Central Military Commission of the Workers' Party of Korea

Agency overview
- Jurisdiction: Korean People's Army; Worker-Peasant Red Guards;
- Agency executives: Kim Jong Un, Chairman; Vice Marshal Ri Yong-gil, Vice Chairman; Marshal Ri Pyong-chol, Vice Chairman;
- Parent agency: Central Committee of the Workers' Party of Korea

= Central Military Commission of the Workers' Party of Korea =

North Korean WPK's military organ

The Central Military Commission of the Workers' Party of Korea (CMC) is an organ of the Central Committee of the Workers' Party of Korea (WPK) which heads the Korean People's Army (KPA).
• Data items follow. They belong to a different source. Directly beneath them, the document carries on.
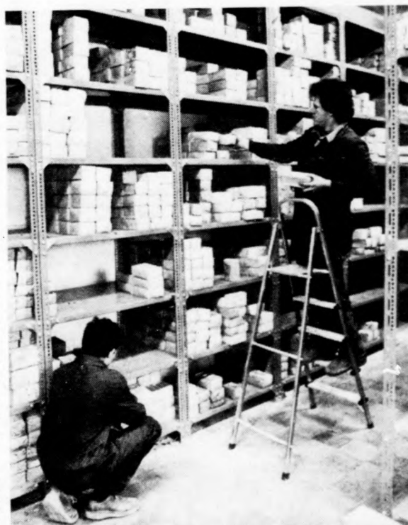
A hétfőn megnyitott csavarszaküzletben nagyobb mennyiségű árut előjegyzés alapján is értékesítenek

Hétfőn, november 2-án, a Mikepércsi úton nyitják meg a vidék első csavarszaküzletét. Egy régi üzletet újítottak fel a Debreceni Építőipari Szövetkezet szakemberei. A gyártó ipari üzemmel közösen működtetett bolt berendezésénél a kirendeltség Kossuth, Garin, Lendület és Rákóczi szocialista brigádjai 400 óra társadalmi munkát végeztek. Az üzletben fa- és lemezcavarakot, saszseget, alátéteket, anyacsavarakot kínálnak, az árukészlet értéke meghaladja a 3,5 millió forintot.
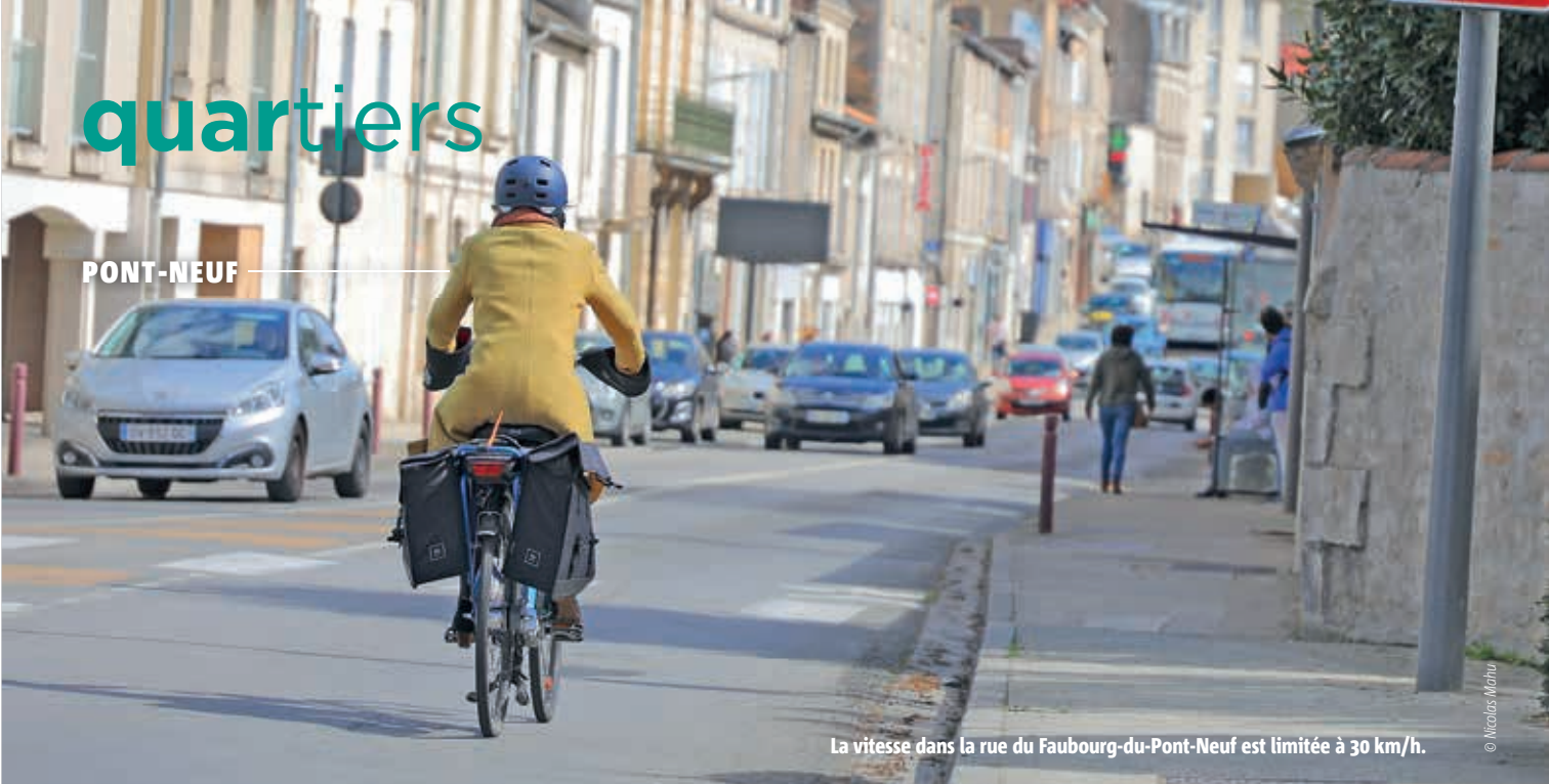
La vitesse dans la rue du Faubourg-du-Pont-Neuf est limitée à 30 km/h.
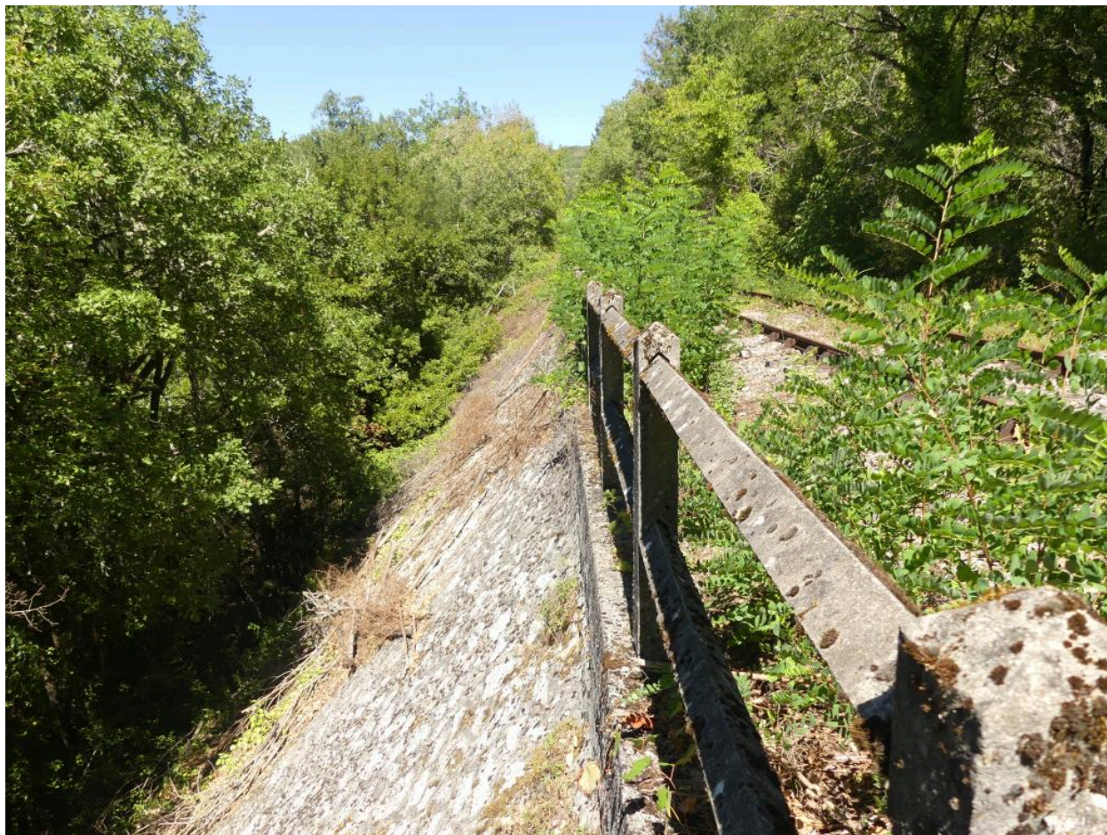
Mur de soutènement (M13).

One of the CMC's primary functions is to authorize defense and munitions spending and product orders, and to determine how natural resources and products from military-controlled production units are earmarked and distributed domestically and for sale abroad. According to the WPK rules, the CMC directs WPK activities in the KPA and is chaired by the WPK General Secretary and the officeholder is also the Commander-in-Chief of North Korea. The CMC relies on a number of organizations to carry out its mandate, including the KPA General Political Bureau, the WPK Military Government Guidance Department, and the WPK Munitions Industry Department (aka Defense Industry Department).

==History==
The Central Military Commission of the Workers' Party of Korea was established at the 5th plenary meeting of the 4th Central Committee of the Workers' Party of Korea held on 10–14 December 1962. During its establishment, it was a committee subordinate to the WPK Central Committee under the full name Military Committee of the Central Committee of the Workers' Party of Korea.
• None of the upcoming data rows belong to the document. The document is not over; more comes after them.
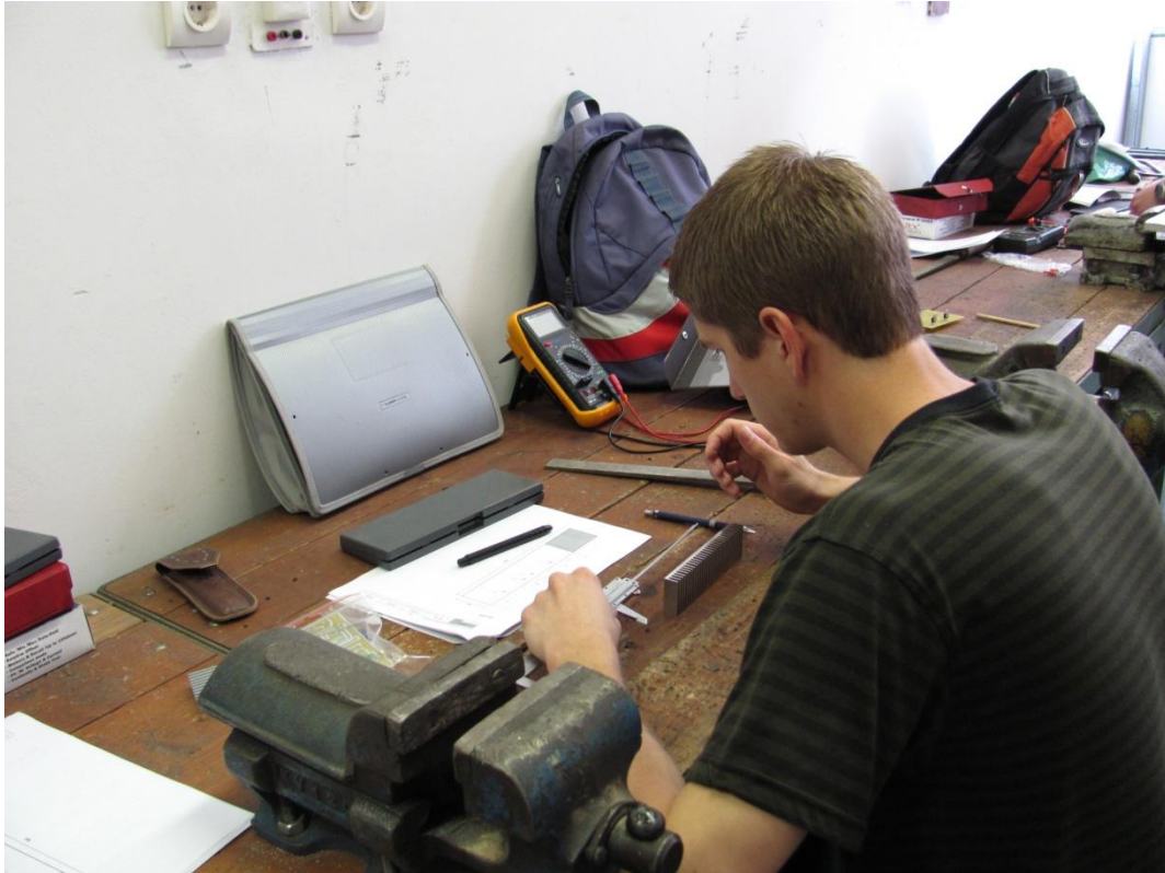
Hűtőelem méretre alakítása, tervezése
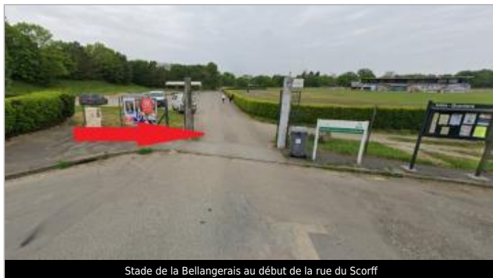
Stade de la Bellangerais au début de la rue du Scorff
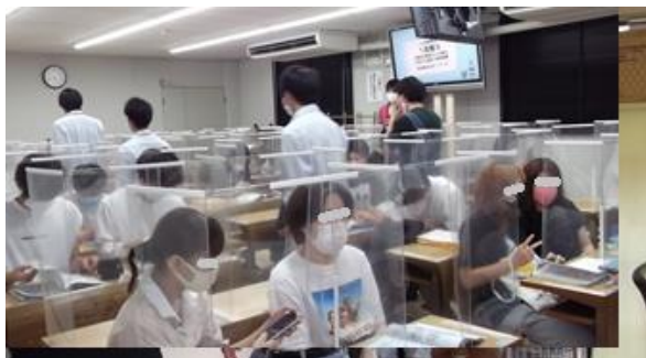
パーティーション

また、パーティーションの影響で、教材を写すテレビが見えにくくなったことからテレビを2台増設し、既存のテレビとともに、2×4材を利用し上部に設置し見やすいように整備した。
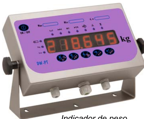
Indicador de peso DW-PT/B
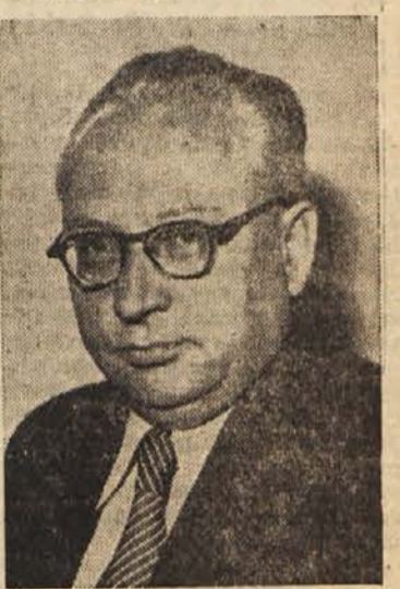
Erich Ollenhauer, predsednik zahodnonemške socialno-demo- kratske stranke

sporazumov, kakor pravijo tu. Soci- alnodemokratska opozicija je skle- nila delno izpopolniti in razširiti svoje metode boja proti pariškim sporazumom. V svojem komunike- ju se predsedstvo stranke obrača na nemški narod in ne samo na bonn- ski parlament. Razširjena plenarna seja predsedstva je sklenila, da v svojem načrtu o razvoju in najrazli- čnejših oblikah stikov z množicami in predstavniki Vzhodne Nemčije ne morejo računati ne na zahodne države, ne na SZ, pa tudi ne na bonn- sko vlado, kot na resne partnerje v boju za združitve Nemčije. Za- to bi socialni demokrati radi dali pobudo in delno organizirali čim pogostejše prehode čez consko me- jo in čim tesnejše stike med obema deloma Nemčije. Poudarjajo pa, da s tem ne mislijo pripoznati vzhod- nonemške vlade.
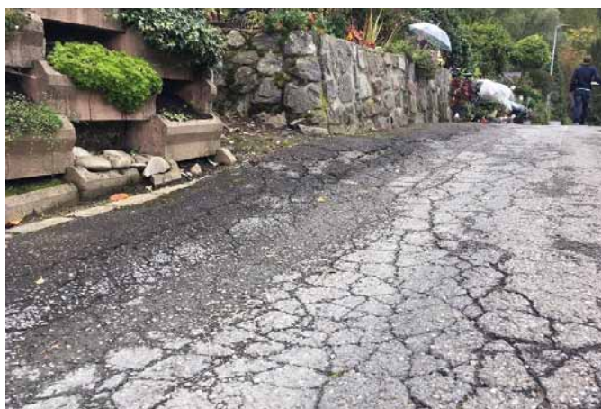
Bidemsstrasse: Setzungen Fundationsschicht, Spurrinnen, starke Belagsschäden

Die Bidemsstrasse ist auf dem Strassenabschnitt zwischen dem Knoten Bidemsweg bis Knoten Majarinaweg in einem schlechten baulichen Zustand. Im Rahmen von Abklärungen wurde festgestellt, dass die Fundationsschicht nach den heutigen Dimensionierungsgrundsätzen der entsprechenden Normgebungen ausgebildet ist. Im Laufe der Zeit sind zahlreiche Spurrinnen und Rissbildungen in der Fahrbahn entstanden. Die Bidemsstrasse muss deshalb auf diesem Teilstück kurz- bis mittelfristig neu gebaut werden. Gemäss Strassenplan der Gemeinde Bad Ragaz ist die Bidemsstrasse als Gemeindestrasse 2. Klasse eingeteilt. Nach dem Teilplan Fuss-, Wander- und Radwegplan, Mountainbikerouten der Gemeinde verläuft auf der Bidemsstrasse auch noch ein Fussweg.
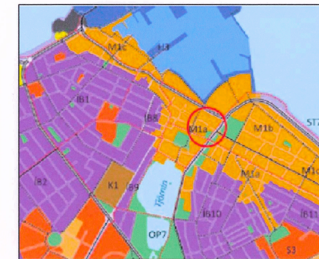
Hluti úr aðalskipulagi Reykjavíkur 2010-2030 - staðsetning breytingar.

Deiliskipulagsbreyting þessi sem fengið hefur meðferð í samræmi við ákvæði 1. mgr. 43. gr. skipulagslaga nr. 123/2010 var samþykkt í Borgarráði þann 10. jan. 20 19 og á embætti skipulagsfulltrúa þann 8. mars 20 19 .
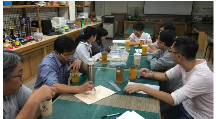
夥伴討論試題疑義
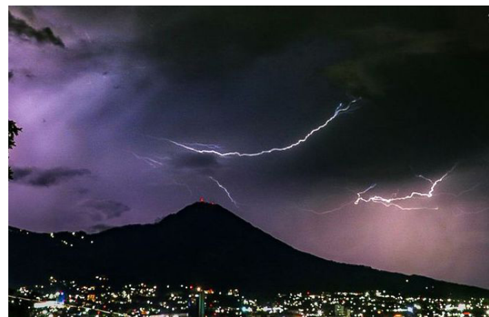
Madre e hijo murieron al ser impactados por un rayo cuando se encontraban bajo una champa en los alrededores del lago de Güija, al momento de una tormenta el pasado miércoles.

Cortez afirmó que la MPGR ha estado trabajando en la cuarta fase, la cual corresponde a la Gestión Local del Riesgo, “es decir, que las comunidades también trabajen su gestión local, porque son las comunidades quienes sufren los impactos y deberían tener claridad de las amenazas en su entorno, de las acciones, rutas de evacuación y medidas de mitigación si fuesen necesarias, vemos que hay colonias inundadas y la gente no sabe qué hacer”, reiteró.
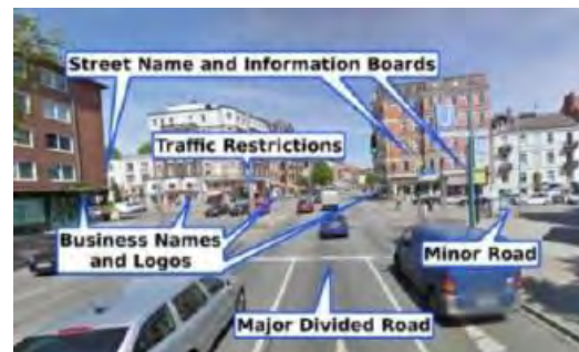
شکل (۱) سرویس (street view) از گوگل

The committee was organized to its present form at the 6th plenary meeting of the 6th WPK Central Committee held on 29–31 August 1982. An amendment to the WPK charter in 1982 is believed to have made the CMC equal to the Central Committee, enabling it (among other things) to elect the WPK leader. The last public listing of the CMC was at the 21st Plenary Session of the 6th Central Committee in December 1993. By the 3rd Conference, seven of its nineteen 1993 members remained; the other twelve had either died, retired or were purged.
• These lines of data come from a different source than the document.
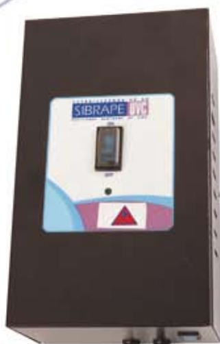
Caixa de Monitoramento
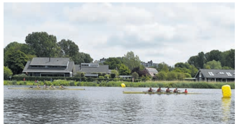
Spannende momenten tijdens de Lenterace.

Zaterdag 18 juni vinden de regiokampioenschappen voor niveau 5 en de oudere meisjes plaats.
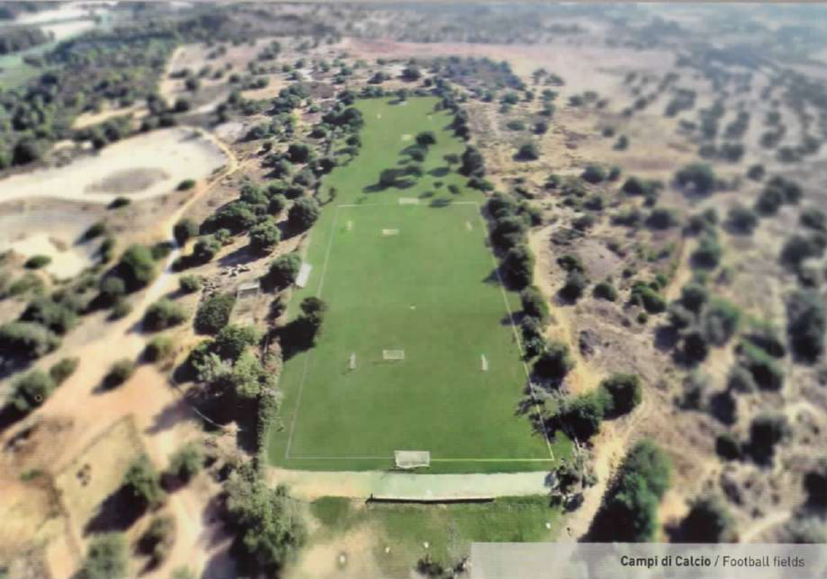
Campi di Calcio / Football fields
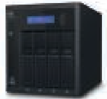
MY CLOUD™ PRO PR4100
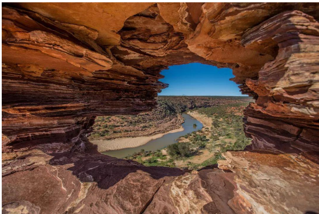
④ 卡尔巴里国家公园 (Kalbarri National Park) △
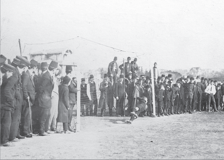
İngilizlerin “mahallesi” Moda’ya yakın çayırlar, şehirde futbolun oynanmaya başladığı ilk “stadlar” olmuştur.
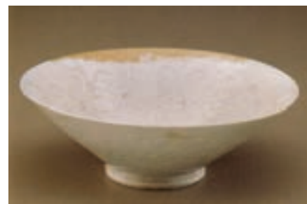
▲ شکل ۱۶-۹ ظرف سفید، طرح چینی

موضوع این نقاشی‌های روی ظروف، مجالس بزم و رزم و گاه موضوعات داستانی برگرفته از ادبیات فارسی است (شکل ۹-۱۷).
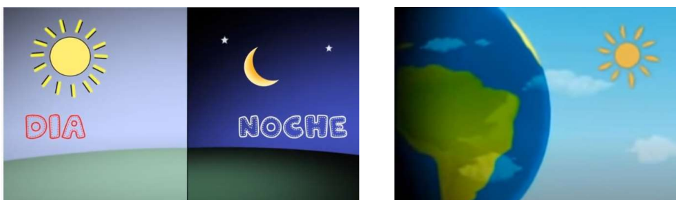
FIGURA 1. Ejemplos de errores detectados en los videos. Error conceptual (izquierda): presencia de la Luna en el cielo todas las noches tanto en la imagen como en el audio que la acompaña (v2). Error didáctico (derecha): dibujar el espacio exterior con los colores del cielo terrestre: celeste del lado hacia el Sol y negro del lado opuesto (v8).

The CMC was revitalized at the 3rd Conference in 2010, with Kim Jong Un and Ri Yong-ho elected as deputy chairmen. Except for his Central Committee membership, this was Kim Jong Un's only title at this time; in many ways, the CMC enabled him to develop a patronage network. New members included Vice Marshal Kim Yong-chun (Minister of People's Armed Forces), General Kim Myong-ruk (Chief of the Operation Bureau of the General Staff), General Ri Pyong-chol (Commander of the Korean People's Air Force), Admiral Jong Myong-do (Commander of the Korean People's Navy), Lieutenant General Kim Yong-chol, Colonel General Choe Kyong-song (heads of the KPA's special forces) General Choe Pu-il and Colonel General Choe Sang-ryo (members of the General Staff). Civilians, such as Jang Song-thaek (head of the Administrative Department), also had seats on the commission. However, the overall authority of the CMC was diluted; it was stripped of its authority to command the KPA.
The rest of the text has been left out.